Y Charlie Byrd tocó...

Miguel Huezo Mixco

Una vez Charlie Byrd aterrizó en El Salvador. Fue un 4 de noviembre hace treinta y cinco años. Su disco “Jazz samba” (1962), realizado con Stan Getz, había renovado la escena del jazz en Estados Unidos. Cuando llegó a El Salvador estaba en su momento de gloria. Para su sorpresa, a la entrada del Teatro Presidente, donde iba a presentarse, se encontró con una protesta pacífica de un grupo de artistas salvadoreños.


Aquella olvidada protesta no tenía ninguna relación con los movimientos sociales protagonizados por el Bloque Popular Revolucionario (BPR) o el Frente de Acción Popular Unificada (FAPU). La verdad, las reivindicaciones de los artistas no han estado en la mira ni de los revolucionarios ni de los conservadores.

Entre quienes llegaron aquella noche al Teatro Presidente portando pancartas estaban algunos miembros de la crema y nata de la música popular salvadoreña: los músicos Paco Palaviccini y Lito Barrientos, el actor Eugenio Acosta y el tenor Eduardo Fuentes.

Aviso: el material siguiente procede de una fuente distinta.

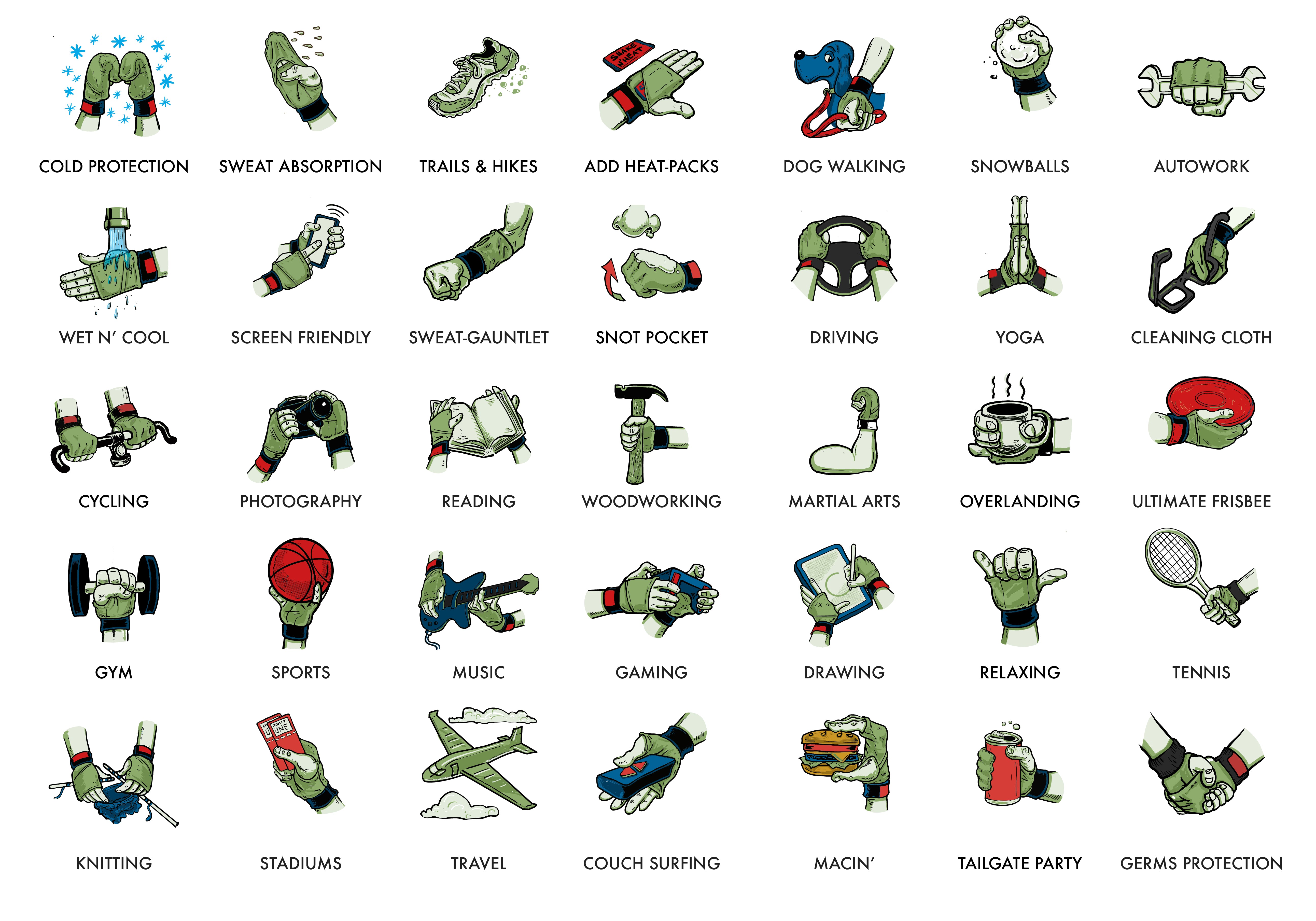 Performace handwear that converts from glove to mitten to sweatbands without missing a step.

La protesta se originó en el hecho de que la visa de trabajo otorgada al célebre guitarrista norteamericano había sido extendida sin consultar, como lo establece la ley, al sindicato de artistas de variedades. Además, la contratación del artista, en su condición de extranjero, no había incluido el pago del porcentaje destinado a los artistas locales que establece la ley.

Byrd envío a los artistas locales, a través de su manager, un mensaje de reconocimiento a la justeza de su reclamo. Un testigo directo de aquellos hechos, quien me ha referido esta historia, asegura que un funcionario de la embajada de Estados Unidos intentó buscar un arreglo. Los artistas, en un gesto amistoso, accedieron a que se realizara el concierto de Byrd, dejando clara la necesidad de que se respetasen sus derechos. Finalmente, Charlie Byrd tocó...

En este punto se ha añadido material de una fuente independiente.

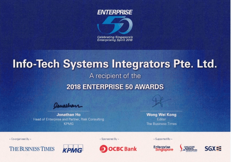 Info-Tech received Prestigious Enterprise 50 Award in Singapore 2018 Enterprise 50 Awards.

El nombre de Byrd está asociado con el despertar de los artistas salvadoreños. A mediados de los años 70, temas tales como el acceso a redes de protección social o el derecho a la organización de los artistas, se pusieron por primera vez sobre la mesa. El Sindicato General de Artistas de Variedades (SGAV) y la UGAASAL firmaron, inclusive, un histórico convenio con sus homólogos de México (ANDA y FITE), para proteger en aquel país los derechos de los intérpretes salvadoreños.

Pasaron 35 años. Los derechos laborales y previsionales de escritores, directores y actores de teatro, radio, cine, Internet y televisión; folcloristas, circenses, titiriteros, músicos, bailarines, escenógrafos, técnicos de audiovisuales y dramaturgos, no integrados al mercado formal, sigue sin llamar la atención del Estado.

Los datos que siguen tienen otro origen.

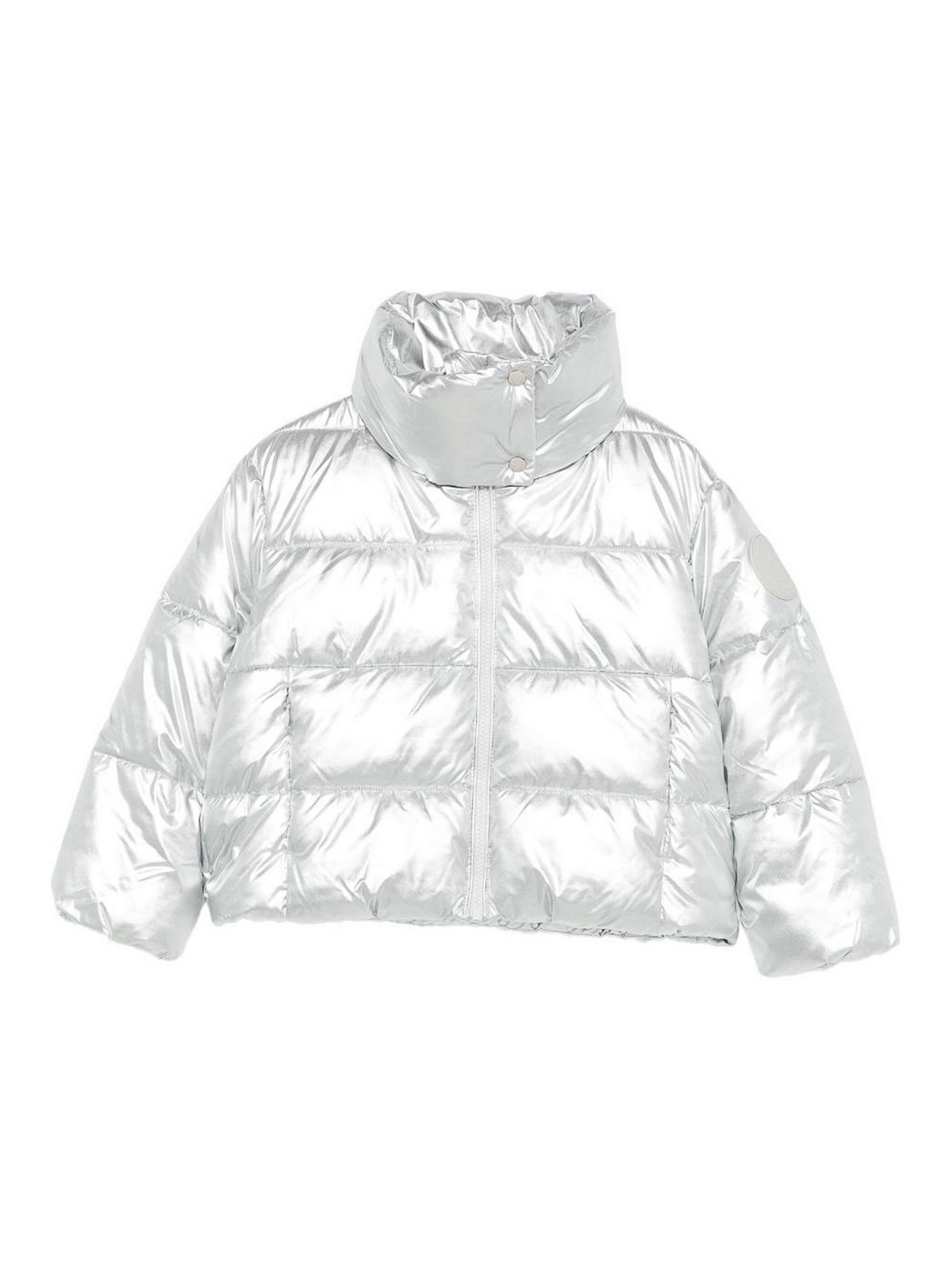 Chaqueta acolchada de cuello alto en tono plateado de Save the

Abundan los ejemplos de artistas que han vivido de la caridad y que han muerto en medio de la pobreza. La celebración del bicentenario hubiera sido una buena ocasión para iniciar un proceso que permita que los artistas accedan a servicios de salud y coticen para retirarse con dignidad. No es un sueño imposible. Cuando las autoridades se decidan a emprender esa transformación deberán volver sus ojos a la noche en que el Charlie Byrd vino a tocar su guitarra en San Salvador.